# [Collected data]
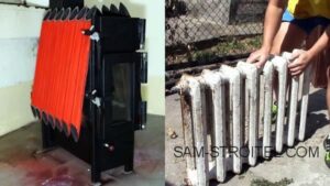 Печь буржуйка самодельная, с теплообменником из радиатора отопления: подробные фото пошагового изготовления печки. . Интересную конструкцию самодельной печки буржуйки изготовил один из умельцев, предлагаю подробно рассмотреть устройство этой печи. Особенность такой самодельной печки в том, что благодаря ребрам радиатора, она имеет дополнительные воздушные теплообменники и быстрее нагревает воздух в помещении. Материалы для изготовления печки: чугунный
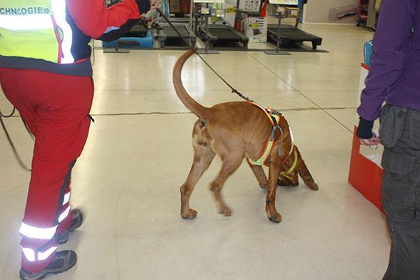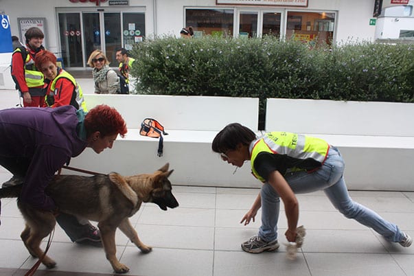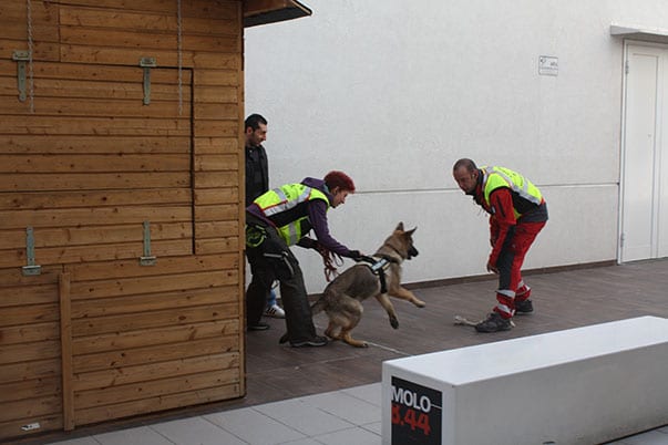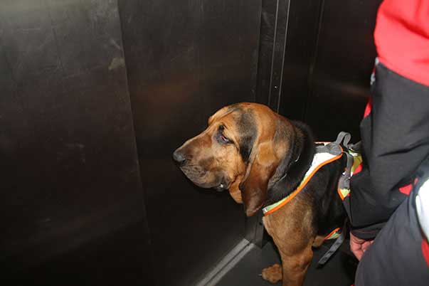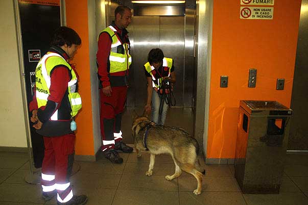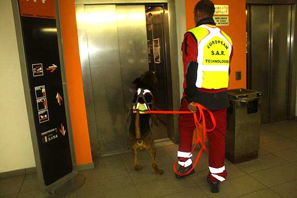 Il cane da mantrailing, infatti, è in grado di: iniziare un lavoro senza utilizzare un input olfattivo (conoscendo la direzione di fuga di un criminale o la posizione dei soccorritori sulla scena del crimine è possibile stabilire la direzione del trail); iniziare un lavoro annusando un cadavere (in questo modo è in grado di seguire l’odore della persona che per ultima ha manipolato il cadavere); identificare il punto di passaggio su di una recinzione, attraverso una porta (in questo allenamento c’era la discriminazione degli ascensori) o l’uso di veicoli ed è in grado di identificare oggetti caduti alla persona durante il percorso, contribuendo così alla raccolta di prove (anche qui abbiamo avuto una dimostrazione pratica, anche se involontaria, come vedremo tra poco); identificare il punto di ingresso in acqua di una persona o di arrivare ad identificare un cadavere al termine di un percorso; stabilire se una persona si trovava effettivamente in un luogo, contribuendo quindi ad identificare eventuali false testimonianze.
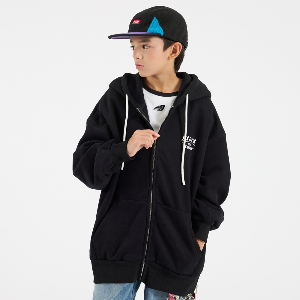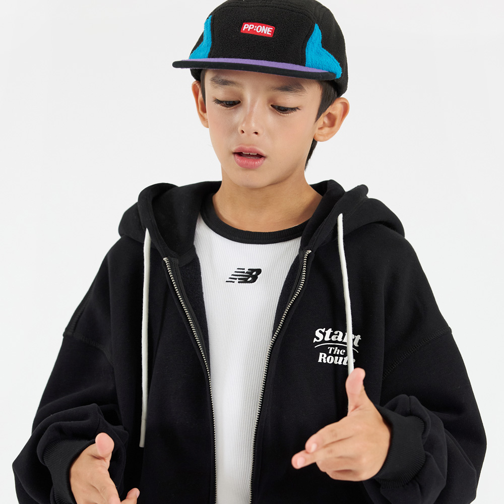 뒷면 큼직한 영문 나염과 사이트 지퍼 디테일이 돋보이는 기모 후드 집업
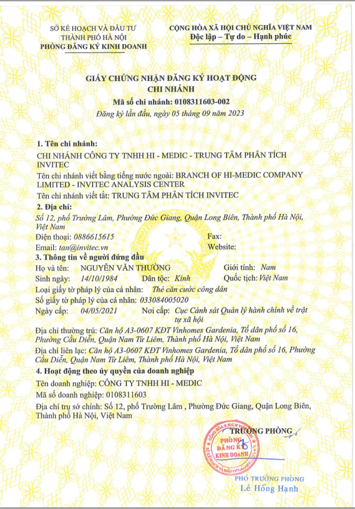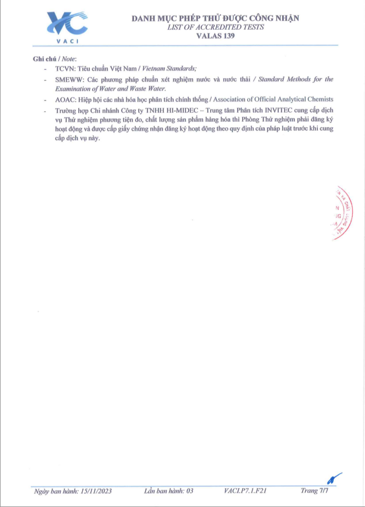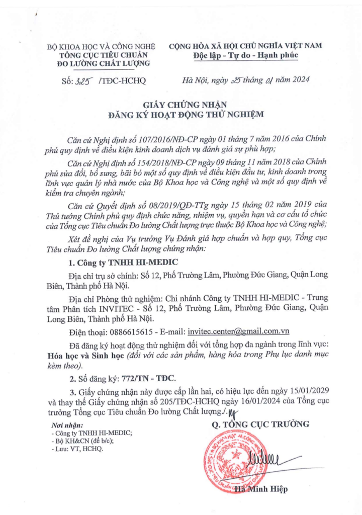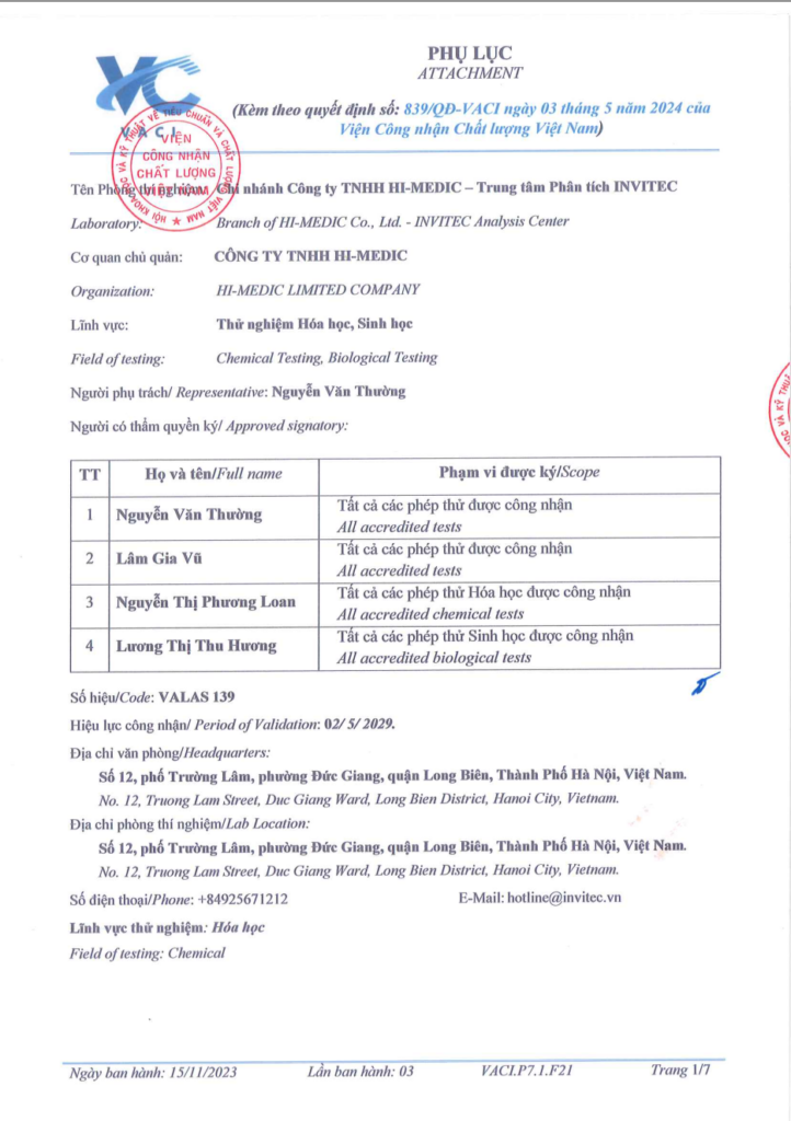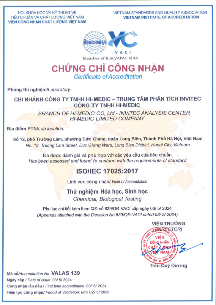 Ngày 03/05/2024, Viện công nhận chất lượng Việt Nam – VACI đã trao Chứng chỉ công nhận lĩnh vực Thử nghiệm Hoá học, Sinh học cho Chi nhánh Công ty TNHH Hi-Medic – Trung tâm phân tích Invitec kèm theo quyết định số 839/QĐ-VACI với mã số VALAS 139.

# [Task to carry out]
Print the listing word for word, but omit the pictures.

# [Written reply]
 Печь буржуйка самодельная, с теплообменником из радиатора отопления: подробные фото пошагового изготовления печки. . Интересную конструкцию самодельной печки буржуйки изготовил один из умельцев, предлагаю подробно рассмотреть устройство этой печи. Особенность такой самодельной печки в том, что благодаря ребрам радиатора, она имеет дополнительные воздушные теплообменники и быстрее нагревает воздух в помещении. Материалы для изготовления печки: чугунный
 Il cane da mantrailing, infatti, è in grado di: iniziare un lavoro senza utilizzare un input olfattivo (conoscendo la direzione di fuga di un criminale o la posizione dei soccorritori sulla scena del crimine è possibile stabilire la direzione del trail); iniziare un lavoro annusando un cadavere (in questo modo è in grado di seguire l’odore della persona che per ultima ha manipolato il cadavere); identificare il punto di passaggio su di una recinzione, attraverso una porta (in questo allenamento c’era la discriminazione degli ascensori) o l’uso di veicoli ed è in grado di identificare oggetti caduti alla persona durante il percorso, contribuendo così alla raccolta di prove (anche qui abbiamo avuto una dimostrazione pratica, anche se involontaria, come vedremo tra poco); identificare il punto di ingresso in acqua di una persona o di arrivare ad identificare un cadavere al termine di un percorso; stabilire se una persona si trovava effettivamente in un luogo, contribuendo quindi ad identificare eventuali false testimonianze.
 뒷면 큼직한 영문 나염과 사이트 지퍼 디테일이 돋보이는 기모 후드 집업
 Ngày 03/05/2024, Viện công nhận chất lượng Việt Nam – VACI đã trao Chứng chỉ công nhận lĩnh vực Thử nghiệm Hoá học, Sinh học cho Chi nhánh Công ty TNHH Hi-Medic – Trung tâm phân tích Invitec kèm theo quyết định số 839/QĐ-VACI với mã số VALAS 139.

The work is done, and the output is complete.